529 Account Weaknesses:

  • In order to withdraw them tax-free, funds from a 529 plan must be used to pay qualified educational expenses. This can include any course at an accredited institution that can participate in the US Department of Education’s financial aid program, but it will not include things like the pre-vocational and vocational programs, offered by adult disability-service providers.

  • 529 plans require the account owner to request withdrawals, so the young person with a disability must work through an intermediary.

  • Any distributions from a 529 plan to a beneficiary receiving Supplemental Security Income or Medicaid, must be used for educational expenses, or they will be treated as a gift and hence, unearned income to the student with a disability.

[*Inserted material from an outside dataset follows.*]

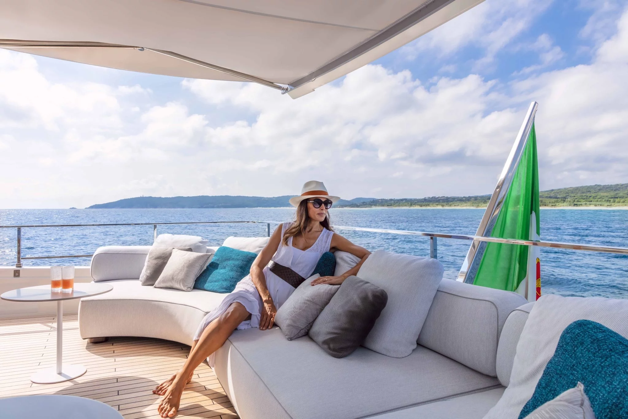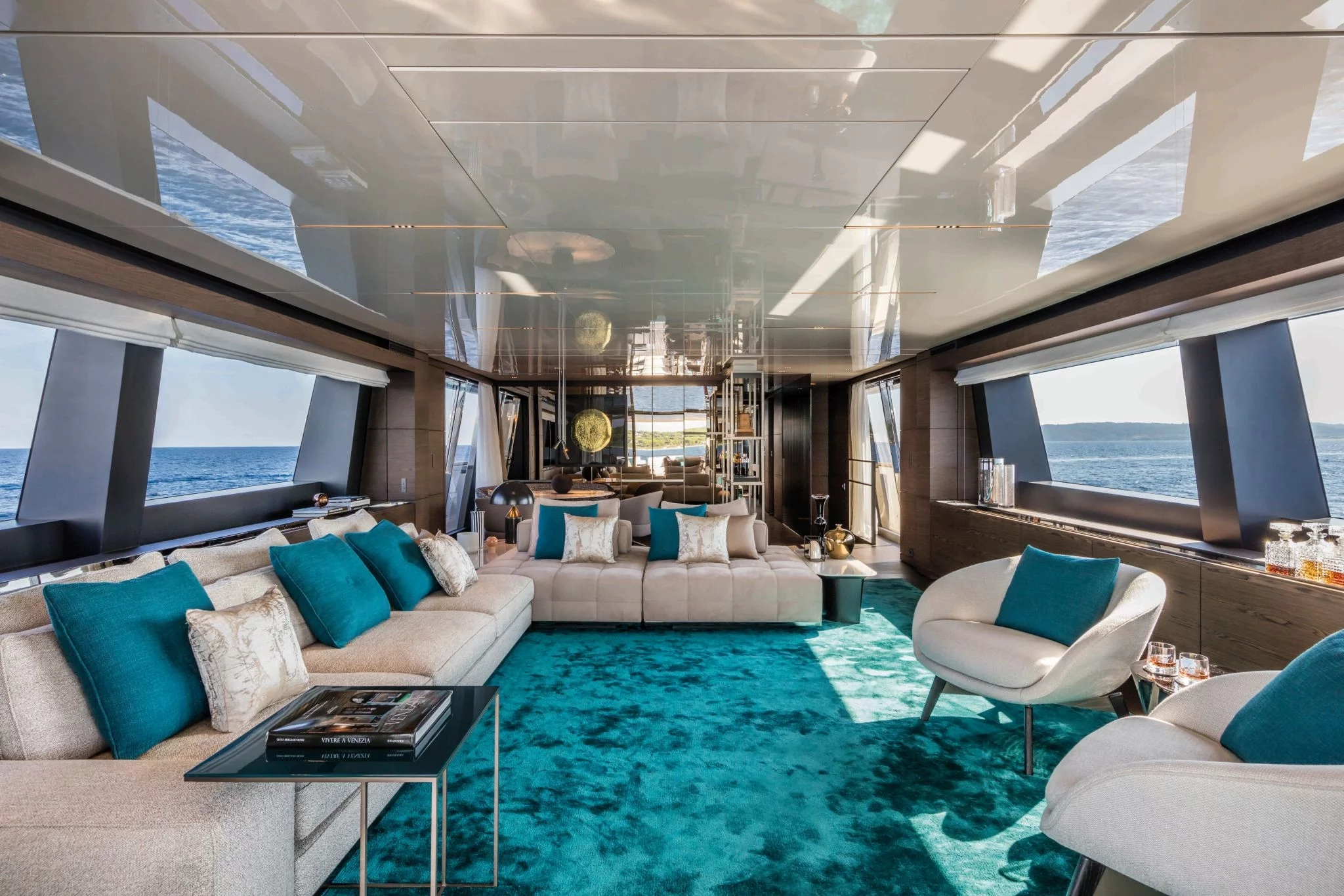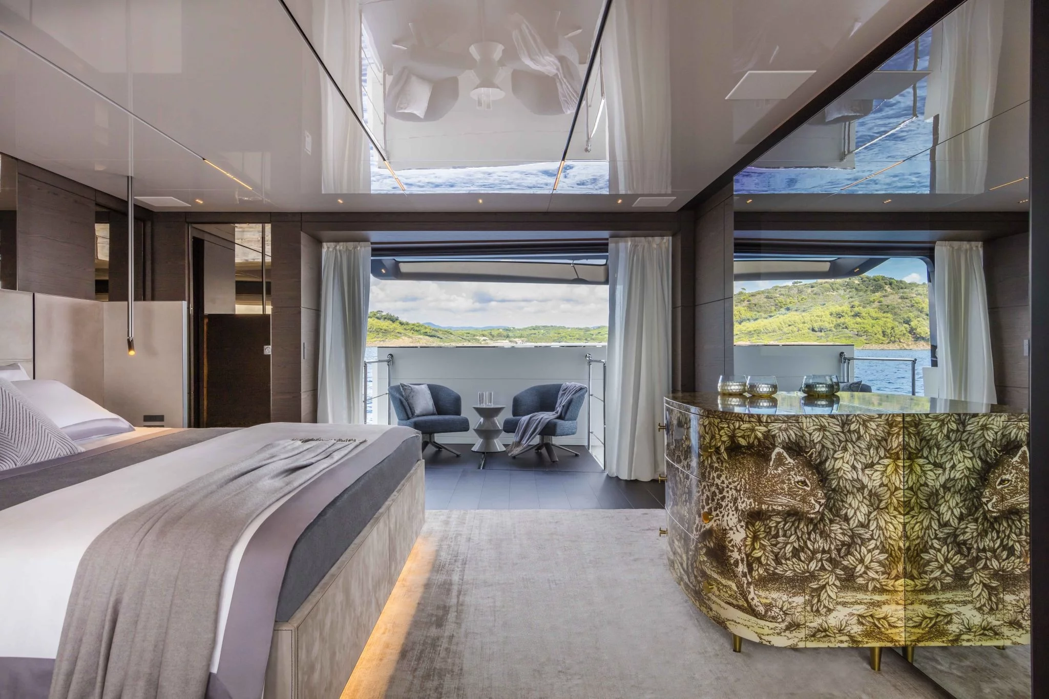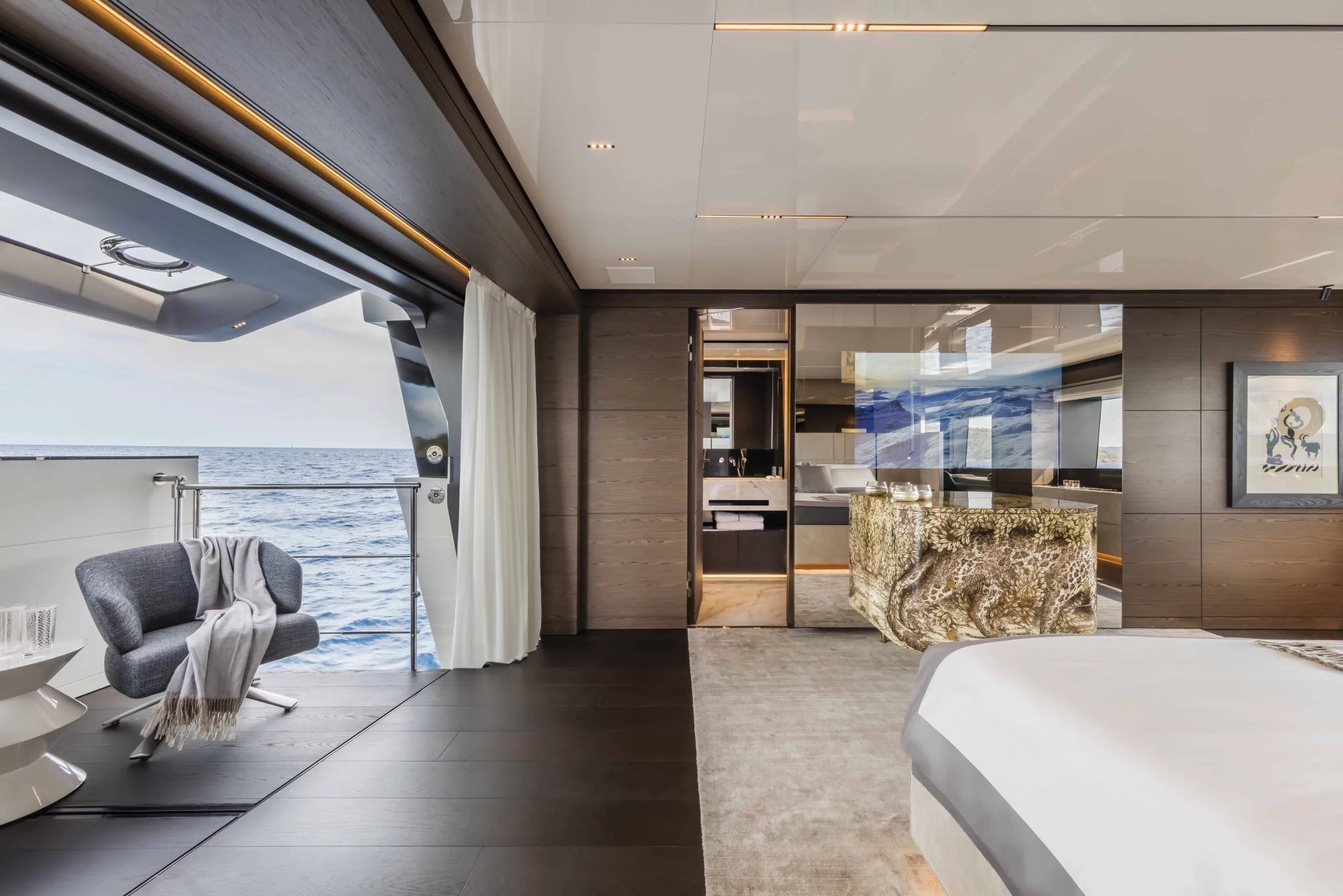 It is the brand's first model with a transatlantic range exceeding 3,000 nautical miles, allowing for extended journeys in complete comfort. The spacious layout is spread across four decks, offering customizable areas to suit the owner's preferences. The master suite, located on the main deck, provides panoramic views, while the guest cabins on the lower deck ensure luxury and privacy.

Moreover, if it is distributed for educational purposes, but held in the student’s personal account for more than nine months, it is then also considered a countable resource.

So, to answer the question of whether you should fund an ABLE account or a 529 plan for your child with a disability, you need to first answer questions about her/his young-adult and adult life. For example:

· An ABLE account may be appropriate, if it seems likely that your child will qualify for Supplemental Security Income(SSI) and need Medicaid-waiver funded services but will also have at least some capacity to manage her/his own money.

  • An ABLE account may be appropriate if you expect that your child will be able to work and

    • Will not spend most of her/his earnings and instead accumulate a balance that would undermine SSI and Medicaid eligibility.

    • May only work part-time and for that reason or for reasons of maintaining Medicaid eligibility may not be able to contribute to her/his employer’s 401(k). Hence, an ABLE account may be appropriate.

  • An ABLE account may be appropriate, if you expect your child to need assistance paying for food and shelter in her/his adult life.

  • A 529 College savings plan may be appropriate, if it becomes clear that your child both has the capacity for and would benefit from one of the many post-secondary academic and vocational programs for youth with disabilities, and the programs you favor are located at eligible educational institutions. This is particularly true if:

    • You are not sure that your child will continue to meet the Social Security definition of disability for adults and/or…

    • Your child has siblings or other family members, who will also require college funding.

My kids make use of each of their wheeled, propulsive items for various different purposes. Similarly, in some cases, it may be appropriate to have both a 529 college savings plan and a 529A ABLE account to benefit your child with a disability and grow assets for her/him in a tax-advantaged environment.